* [Data]:

•••

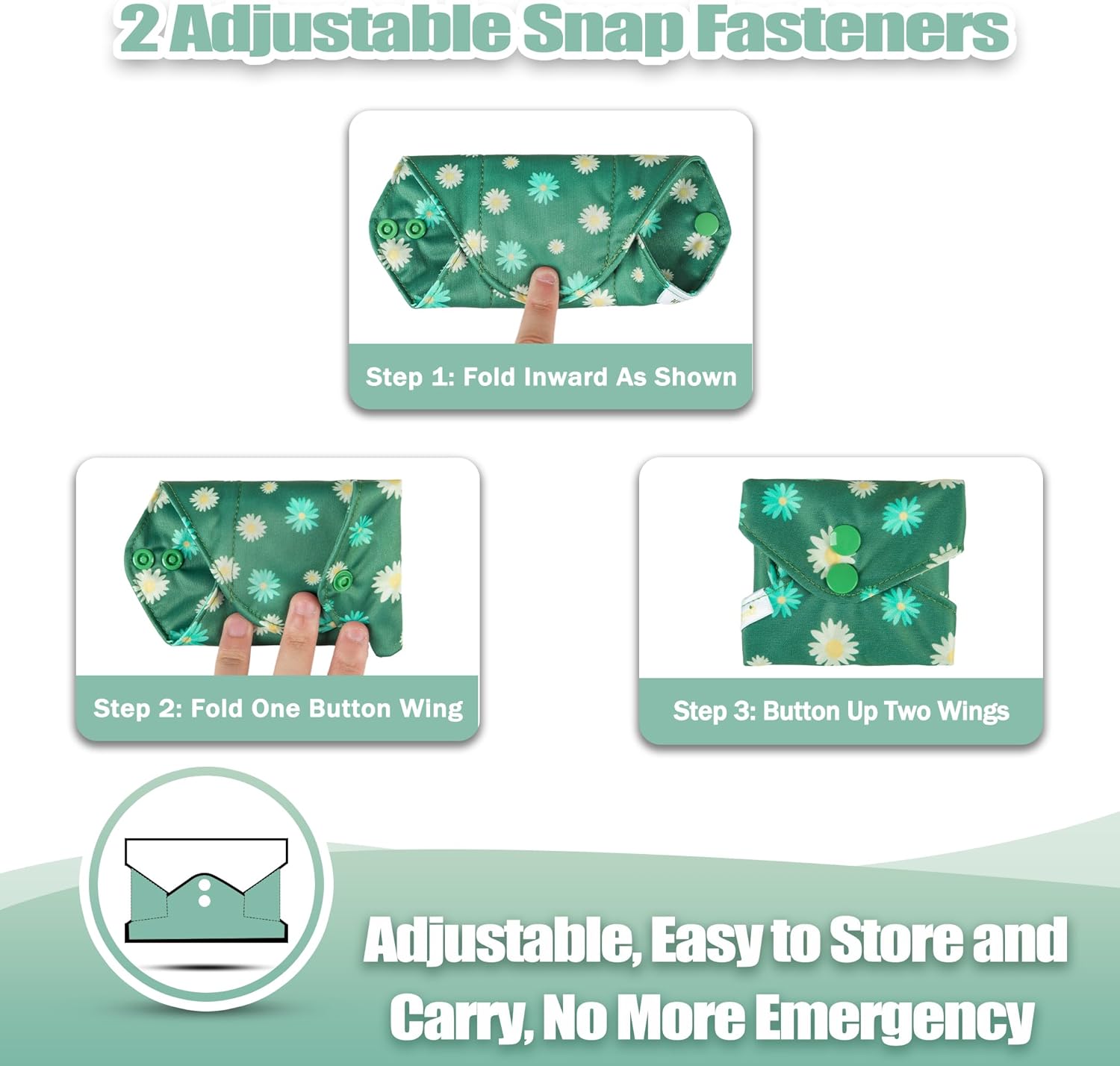 - LOVELY PRINT leak-free outer of Cloth Sanitary Napkin and comfort of the softer, charcoal layer against your skin; Great as period panties too; Fold over and snap into place; Never feel embarrassing
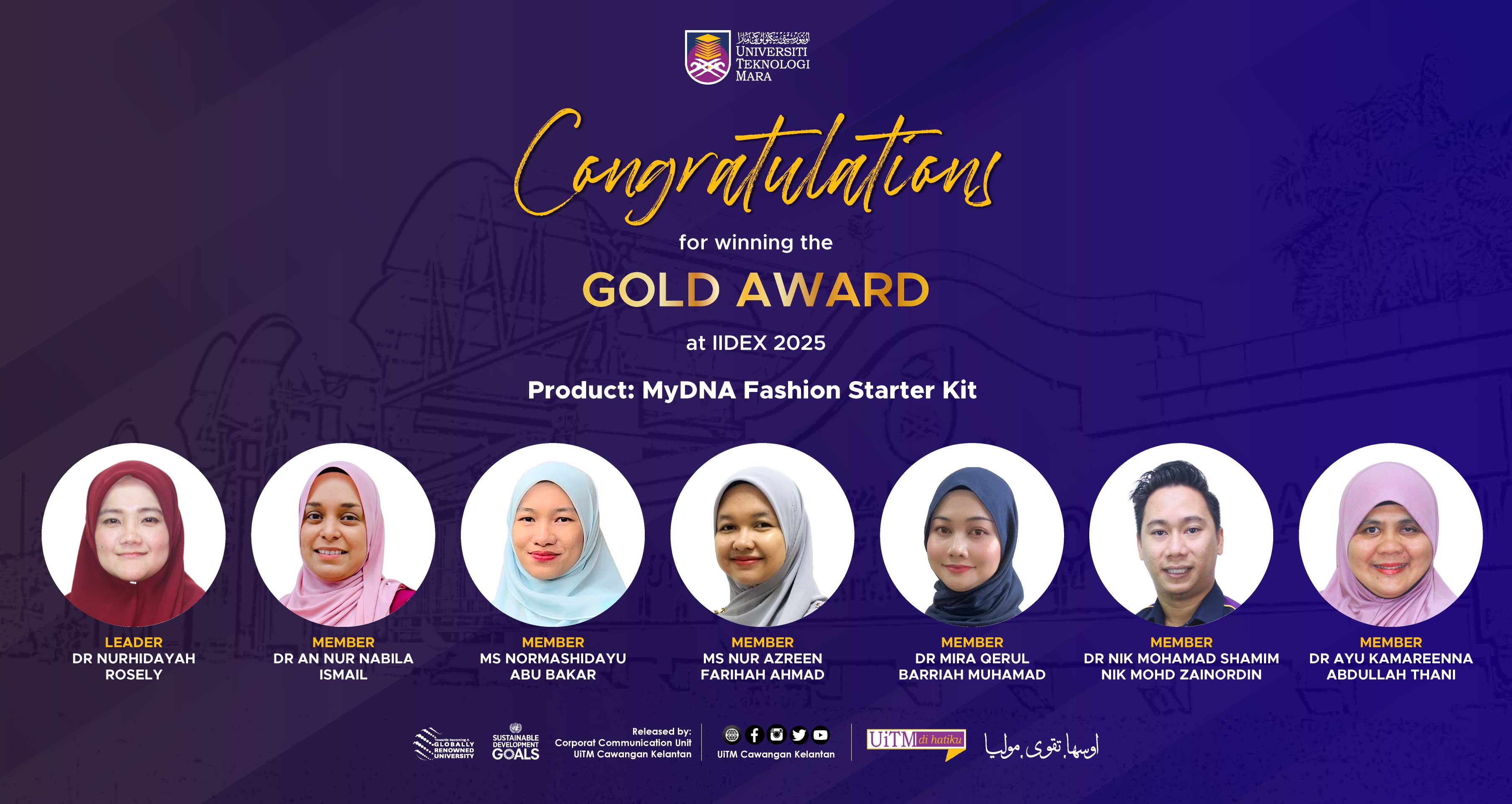 MACHANG, 4 November - Congratulations Dr Nurhidayah Rosely and team members for winning the Gold Award at IIDEX 2025 with their innovative product MyDNA Fashion Starter Kit.
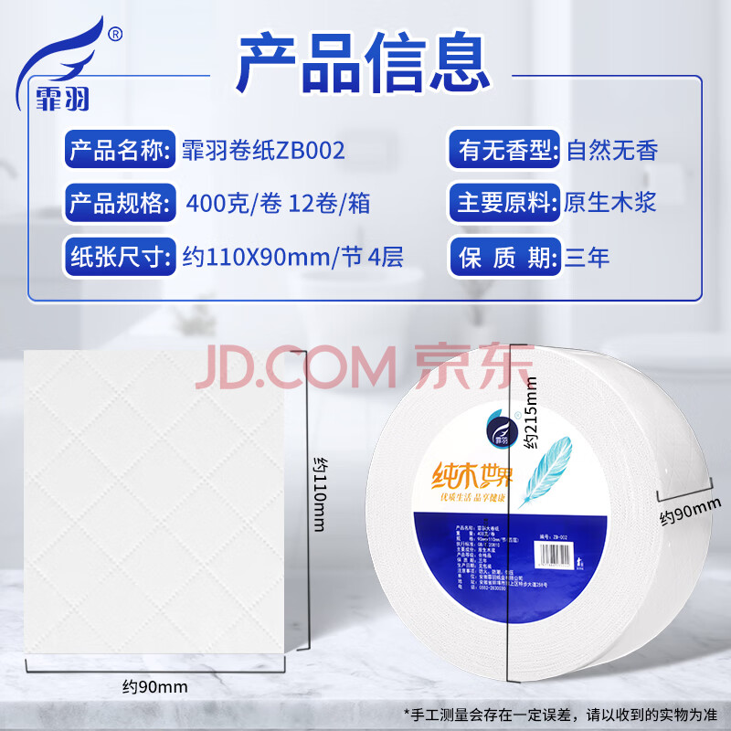 商品相册:霏羽有芯大卷纸4层400克*12卷大盘纸大圈商用卷纸卫生纸可溶水ZB002第

•••

* [Required action]:
In your copy, reproduce the data above exactly and skip every picture.

* [Completed task]:
 - LOVELY PRINT leak-free outer of Cloth Sanitary Napkin and comfort of the softer, charcoal layer against your skin; Great as period panties too; Fold over and snap into place; Never feel embarrassing
 MACHANG, 4 November - Congratulations Dr Nurhidayah Rosely and team members for winning the Gold Award at IIDEX 2025 with their innovative product MyDNA Fashion Starter Kit.
 商品相册:霏羽有芯大卷纸4层400克*12卷大盘纸大圈商用卷纸卫生纸可溶水ZB002第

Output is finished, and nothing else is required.